Cet oxymoron est symbolique d'une plaie majeure dans le monde des idées : l'intransigeance. Cette attitude est désolante. Pourquoi donc? Parce qu'elle incarne en elle-même la fin du débat; son refus évident. Débattre n'est pas contredire l'autre sur tout ou l’affronter jusqu’à la pulvérisation. Débattre et critiquer sont avant tout des processus constructifs reposants sur l'ouverture à l'autre, sur la réflexion avec l'autre et sur la complémentarité des idées. En lui-même, le débat est une invitation.
Pour lutter contre le dialogue de sourds et pour remédier aux débats inutiles, voici une charte (expérimentale et à approfondir) pour guider l'exercice en question.
Lors de toute critique :
- éviter tout procès d'intention adressé à l'autre;
- toujours chercher à comprendre l'autre;
- tenter de résoudre les impasses que suscite le discours étudié en se plaçant dans la subjectivité de l'auteur critiqué;
- se rappeler que dans presque tous les cas, notre adversaire de débat est intelligent;
- ne jamais entamer la lecture d'un texte en ayant pour ambition préalable de le démolir ou de le rejeter.
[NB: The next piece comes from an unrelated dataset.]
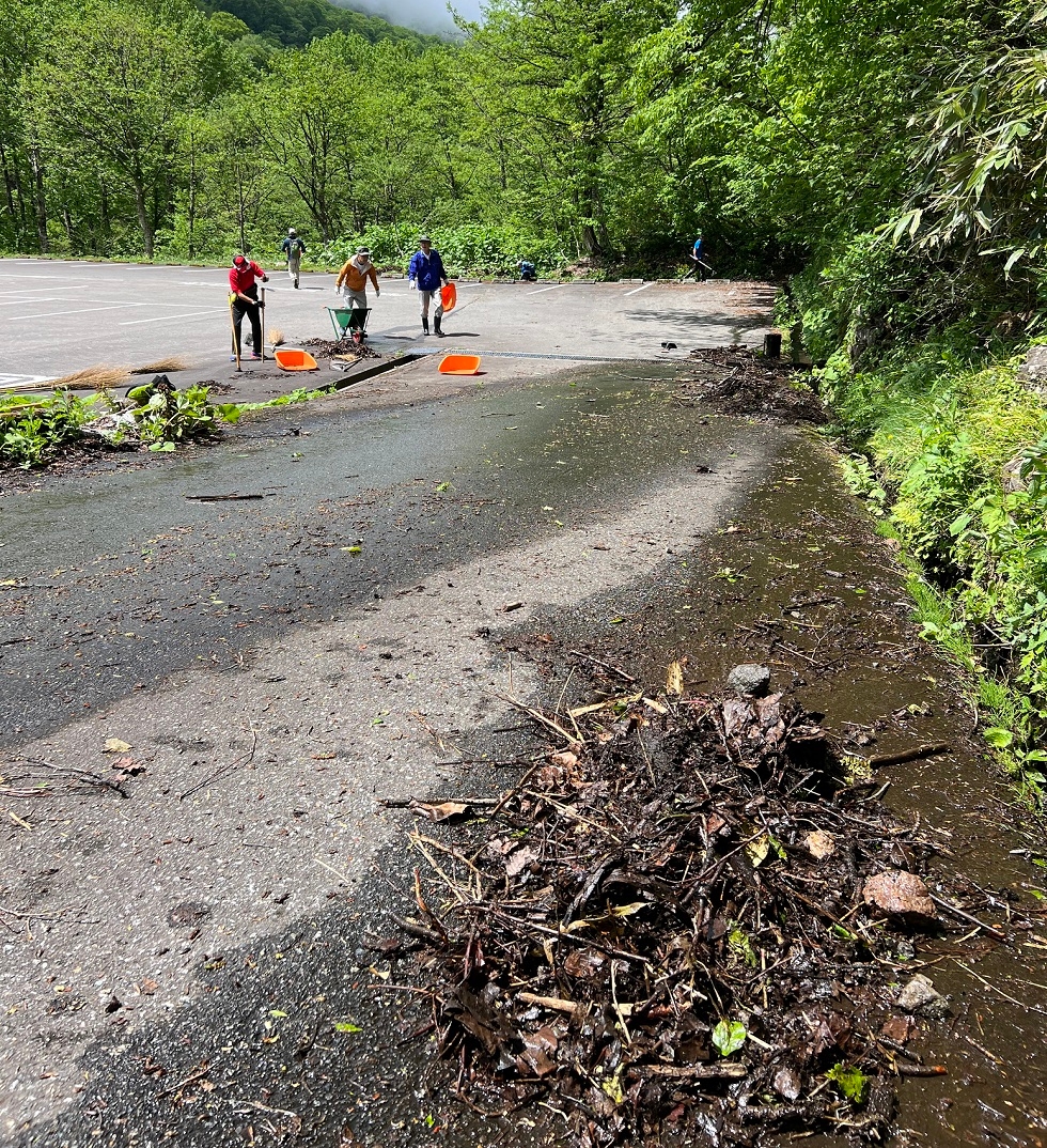 冬期通行止めでアクセスできなかった別当出合駐車場には、落ち葉や枯れ枝が散乱し、側溝には雨や雪解け水によって流された土砂などが溜まっています。放置すると雨が降るたびに水があふれて駐車場が水浸しになり、落ち葉や土砂が広がってしまうので、毎年掃除をしています。

Un auteur peut certes être de mauvaise foi, mais un lecteur peut aussi l'être; chose nuisant de facto à la crédibilité de la critique;
- relire, relire, relire. Relire lorsqu'on ne comprend pas et relire lorsqu'on croit comprendre;
- prendre une pause (une heure? une journée? un mois?) ;
- relire;
- relire sa critique;
- retrancher tout ce qui contrevient à tout ce qui a été dit précédemment;
- adoucir les termes, nuancer et retirer tout ce qui pourrait rendre émotif la personne critiquée;
- éliminer toute phrase ambiguë;
- se placer dans la subjectivité de celui qui recevra la critique. Effacer ou redire autrement ce qui pourrait engendrer du débat inutilement.
Avant, pendant et après avoir écrit la critique, se poser la question : « et si l'autre avait raison? ». Si « oui », dire merci à l'autre. Sinon publier.
22:54 Écrit par Guillaume Lamy 1 commentaire(s)
Libellés : Communication, discours, philosophie, éthique
L'insulte
vendredi 30 novembre 2007
Contrairement à ce qu’en pensent certains commentateurs, l'insulte n'a aucune légitimée dans un discours qui se veut dénonciateur. Même pour décrire les pires infamies ou pour décrire les pires injustices; l'insulte est toujours de trop.
Insulter c'est se discréditer. Insulter est médiocre. Même lors de la plus grande injustice, insultez contribue à niveler vers le bas en jouant le jeu des faibles. La boue salit les mains de celui qui la lance, peu importe la cible.
En lisant Marthin Luther King Jr., une réalité saute aux yeux : pas une seule insulte, pas la moindre injure. Ce qu'il dénonçait était pourtant digne de beaucoup de haine. Pour faire comprendre l’ampleur des injustices de son époque, King a décidé de s’adresser à l’intelligence des gens. Il l’a fait en décrivant la réalité comme elle était. Durement, oui, mais sans vocabulaire scatologique, sans vulgarité et surtout sans mépris.
Dignement, il a dénoncé. Et c'est tout aussi dignement qu'il obtient la faveur du public.
La dignité est ce genre de principe philosophique dans lequel la fin et les moyens entretiennent une relation mutuellement exclusive. Insulter pour dénoncer, contrevient au principe de dignité. Voilà pourquoi il faut, aussi, dénoncer l’insulte.